Here we provide data demonstrating ATDC suppression of miR-29 as a novel mechanism by which DNMT3A and DNA methylation and thereby PTEN is regulated in BC. While miR-29 has been implicated in the regulation DNMT3 and DNA methylation in basal-like breast cancers (45), this is the first report to establish a role in bladder tumor cells. ATDC is highly expressed in multiple tumor types and PTEN loss and miR-29 supression are increasingly recognized as important molecular events in tumor formation and growth. Therefore because ATDC is highly expressed in multiple tumor types including pancreatic, lung, head and neck, and cervical cancers, these findings establish a molecular mechanism of ATDC-mediated tumorigenesis which is likely important across multiple tumor types.

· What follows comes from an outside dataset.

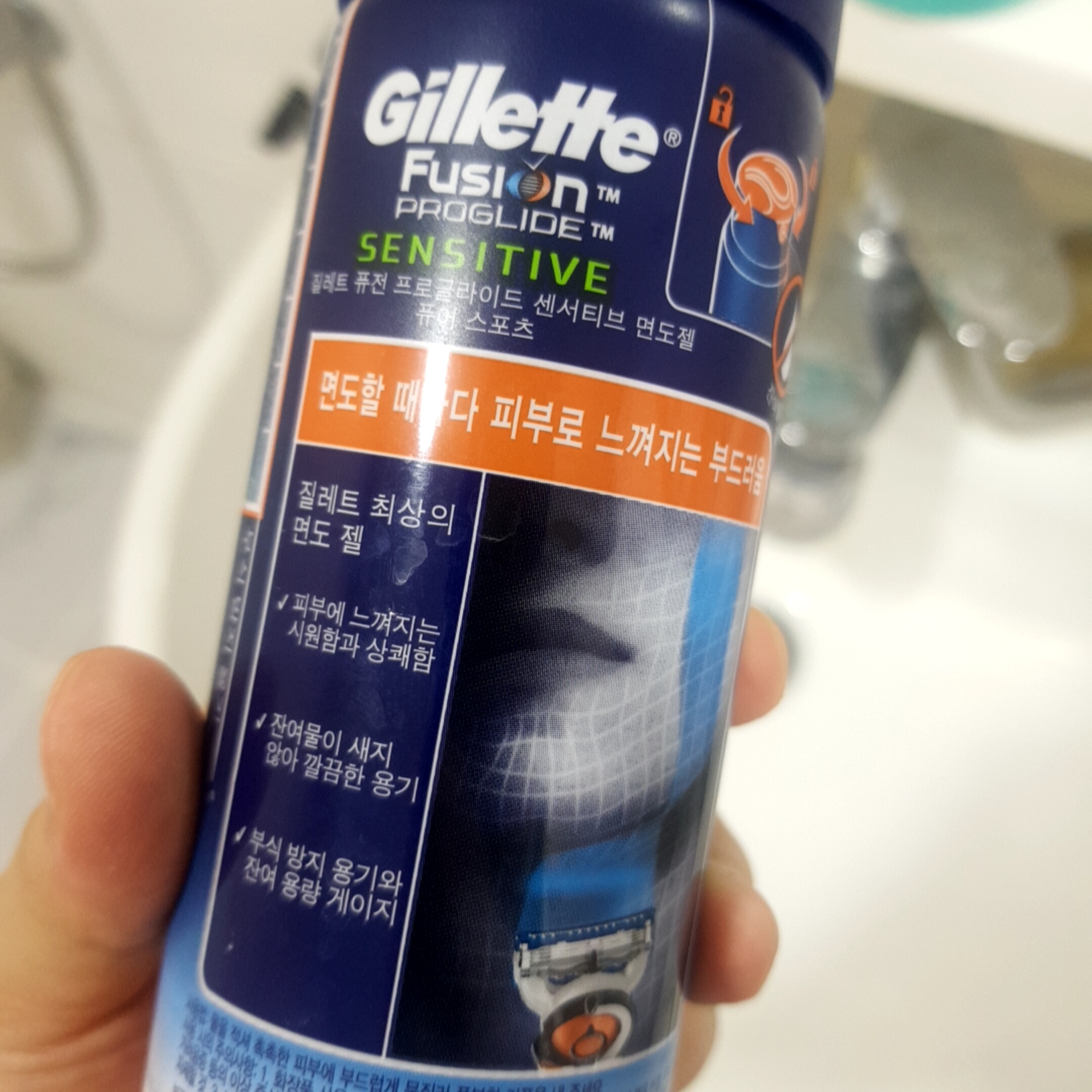 ▲ 특징에보면 면도할때마다 느껴지는 부드러움에 최상의 면도젤이라는 설명이 되어있음. 아니 그나저나 제품명 뭐야 도대체... 왜캐 긴거임....? 질레트 퓨전 프로글라이드 센서티브 쉐이브 젤 퓨어 스포츠 쉐이브 젤.....

Approximately 15% of non-invasive tumors progress to muscle-invasive disease but the mechanisms that drive invasive progression in this subset are unknown. Interestingly, we show here that ATDC is a driver in the development of both nonmuscle-invasive and muscle-invasive BC in tg mice, with the distribution of tumors that develop dependent on the dose of the ATDC transgene. Furthermore, we provide data highlighting that ATDC is highly expressed in about 20% of human noninvasive BCs. This raises the intriguing hypothesis that ATDC expression in noninvasive BC may predict progression from non-invasive tumors to muscle-invasive disease. This hypothesis is further supported by the invasive gene expression signature of BCs derived from CAG-ATDC mice and by the loss of invasive capacity in BC cell lines when ATDC expression is down-regulated. Although ATDC is beginning to be explored as a prognostic marker (46), additional studies are needed to determine if it is biomarker for a subset of human BCs that are at risk for invasive progression.

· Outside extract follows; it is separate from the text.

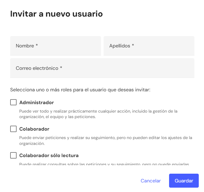 Colaborador → Puede enviar peticiones y hacer su seguimiento, pero no modificar los ajustes de la organización.

In summary, we have identified ATDC overexpression as a driver in bladder tumor formation and identified miR-29 suppression, DNMT3A up-regulation and PTEN silencing as a key mechanism by which ATDC exerts its oncogenic function in mouse models of BC and it’s human counterpart. These data place ATDC as a multifaceted player in bladder tumor formation and progression with important implications for human disease. Given its relevance to human BC, further studies of ATDC-induced tumorigenesis are likely to provide insight into the biology of invasive BC, and potentially provide novel diagnostic and therapeutic strategies for patients.